- Records supplied
Segment Open

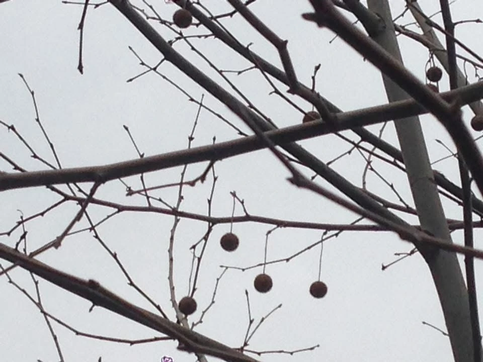 말버즘나무 방울 흔들린다. 잘린 나무. 잎 다 떨군 나무.
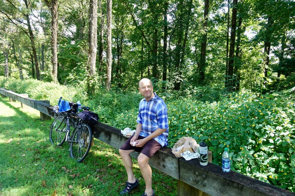 At lunchtime we could not find a picnic table so we ate while sitting on a guard rail.
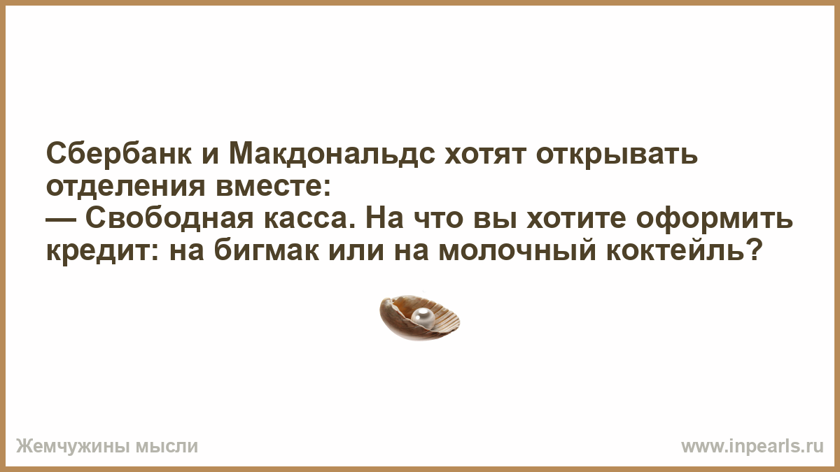 — Свободная касса. На что вы хотите оформить кредит: на бигмак или на молочный коктейль?
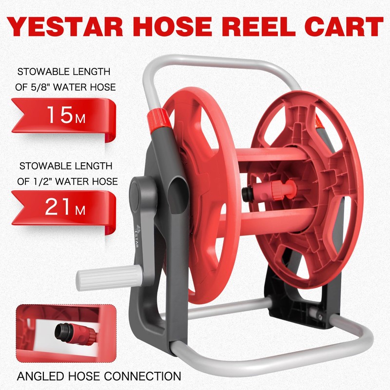Yestar telescopic metal hose cart Store up to 21(1/2") or15m(5/8") hose Height-adjustable handle can adapt to the user's height Angled hose connection prevents hose from wrapping,kinking or twisting while winding on and off Rust and corrosion resistance.
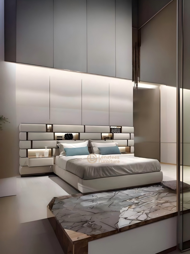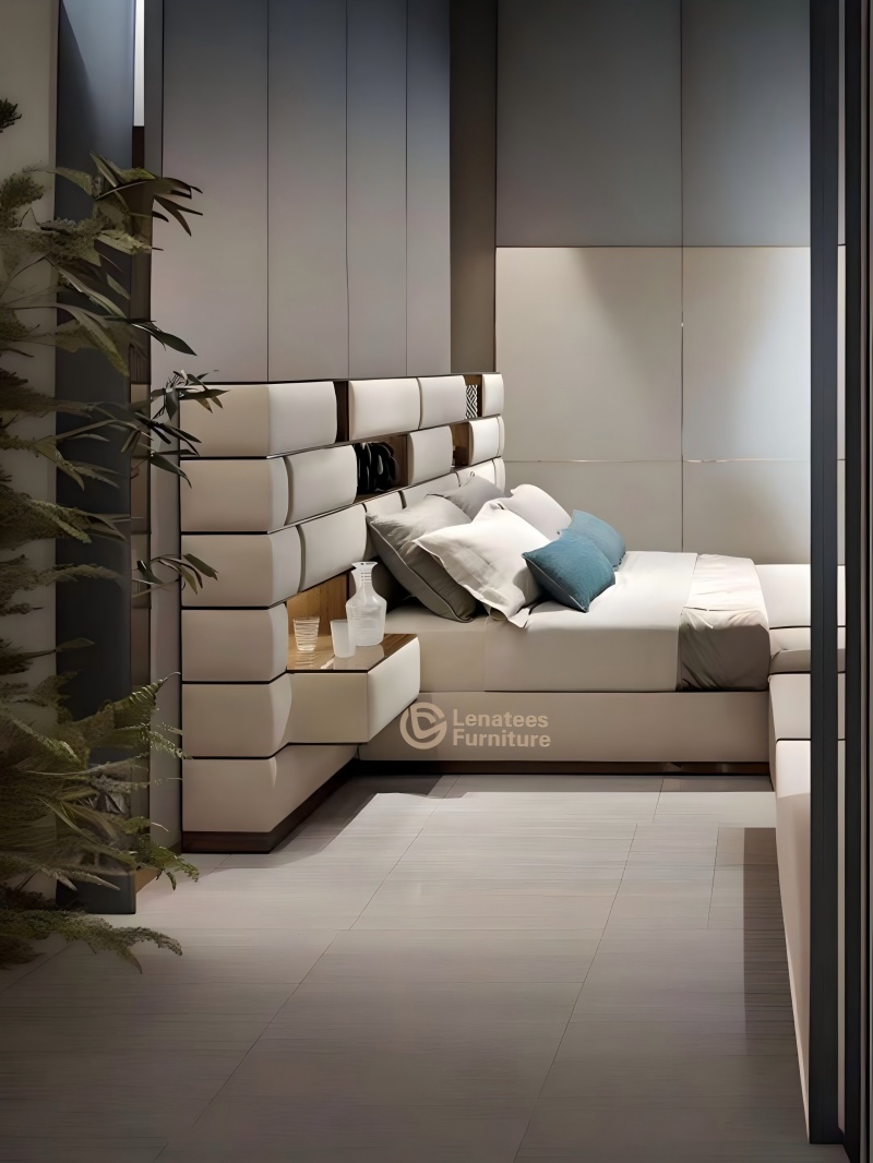নির্বাচিত 304 স্টেইনলেস স্টিল ক্রোম-ধাতুপট্টাবৃত হার্ডওয়্যারটি একটি বেডরুমের নায়ক তৈরি করতে আমদানিকৃত শীর্ষ-শস্য কাউহাইড/ভেলভেট সফট ব্যাগের সাথে মিলিত হয় যা একটি আরামদায়ক অভিজ্ঞতার সাথে শিল্পের টেক্সচারকে একত্রিত করে।
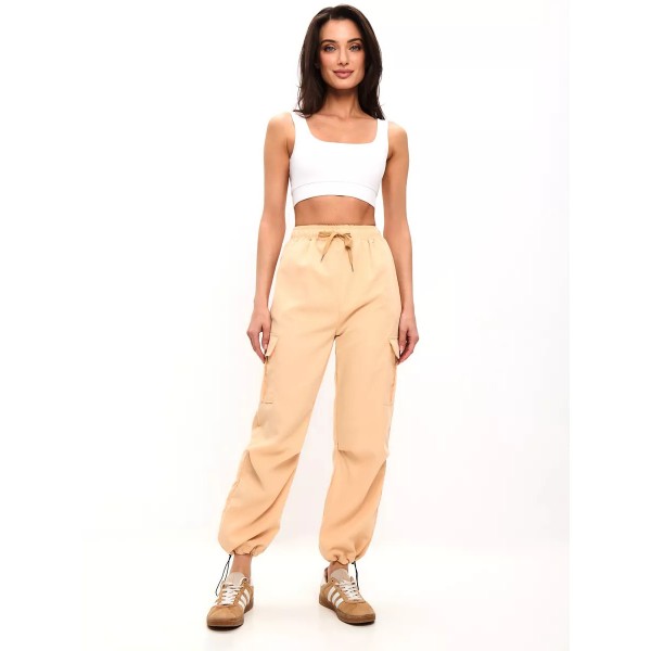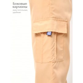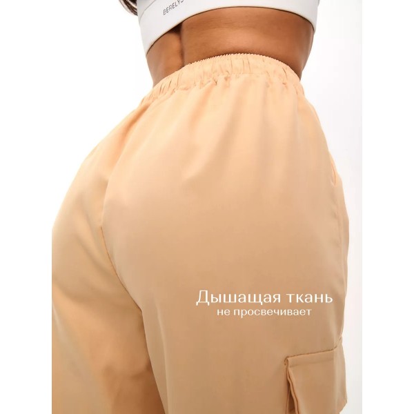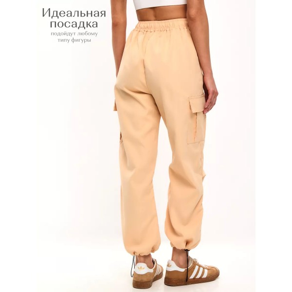 Женские Штаны карго с боковыми карманами в ногах на резинках (Бежевый) L
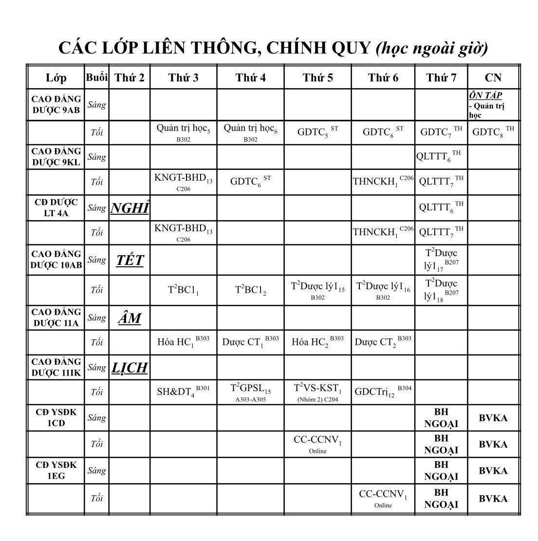 Thời khóa biểu
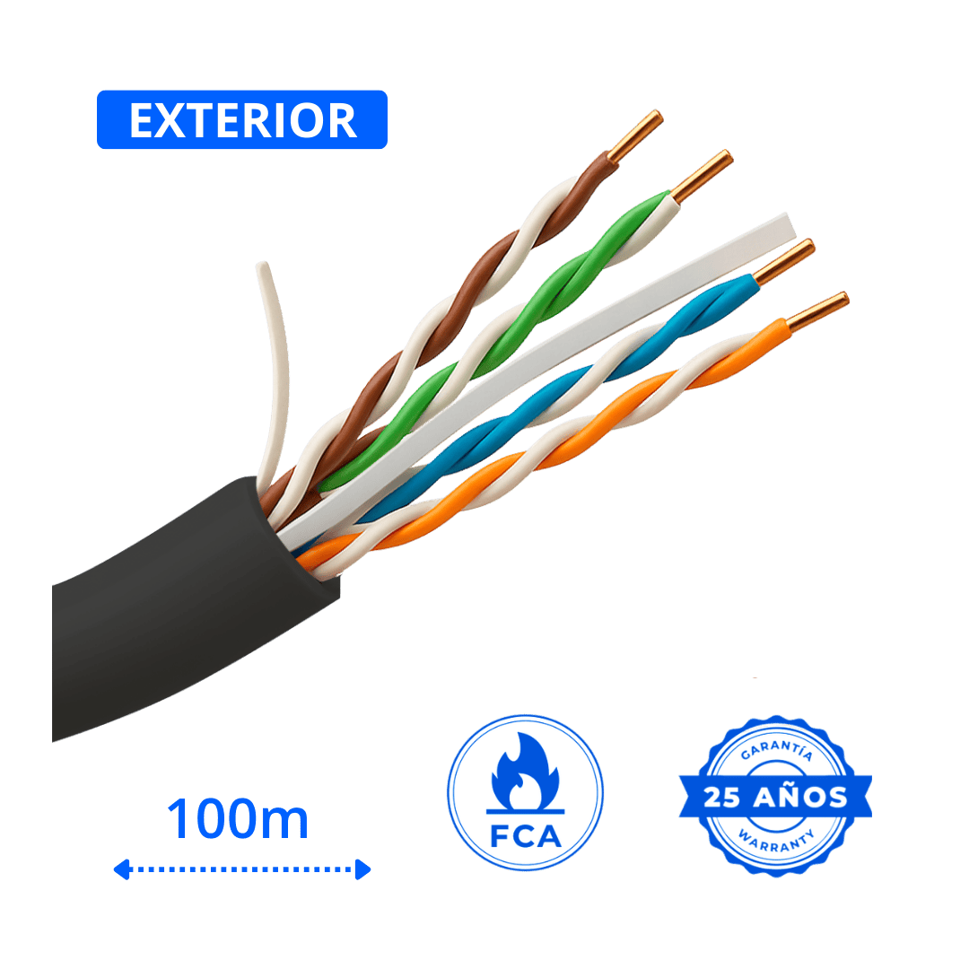 - Conductores 24AWG sólidos (8 hilos) para una transmisión estable

Segment Closed

- Goal of the exercise
The records above are to be repeated exactly, with the pictures left out.

- Task response
 말버즘나무 방울 흔들린다. 잘린 나무. 잎 다 떨군 나무.
 At lunchtime we could not find a picnic table so we ate while sitting on a guard rail.
 — Свободная касса. На что вы хотите оформить кредит: на бигмак или на молочный коктейль?
Yestar telescopic metal hose cart Store up to 21(1/2") or15m(5/8") hose Height-adjustable handle can adapt to the user's height Angled hose connection prevents hose from wrapping,kinking or twisting while winding on and off Rust and corrosion resistance.
নির্বাচিত 304 স্টেইনলেস স্টিল ক্রোম-ধাতুপট্টাবৃত হার্ডওয়্যারটি একটি বেডরুমের নায়ক তৈরি করতে আমদানিকৃত শীর্ষ-শস্য কাউহাইড/ভেলভেট সফট ব্যাগের সাথে মিলিত হয় যা একটি আরামদায়ক অভিজ্ঞতার সাথে শিল্পের টেক্সচারকে একত্রিত করে।
 Женские Штаны карго с боковыми карманами в ногах на резинках (Бежевый) L
 Thời khóa biểu
 - Conductores 24AWG sólidos (8 hilos) para una transmisión estable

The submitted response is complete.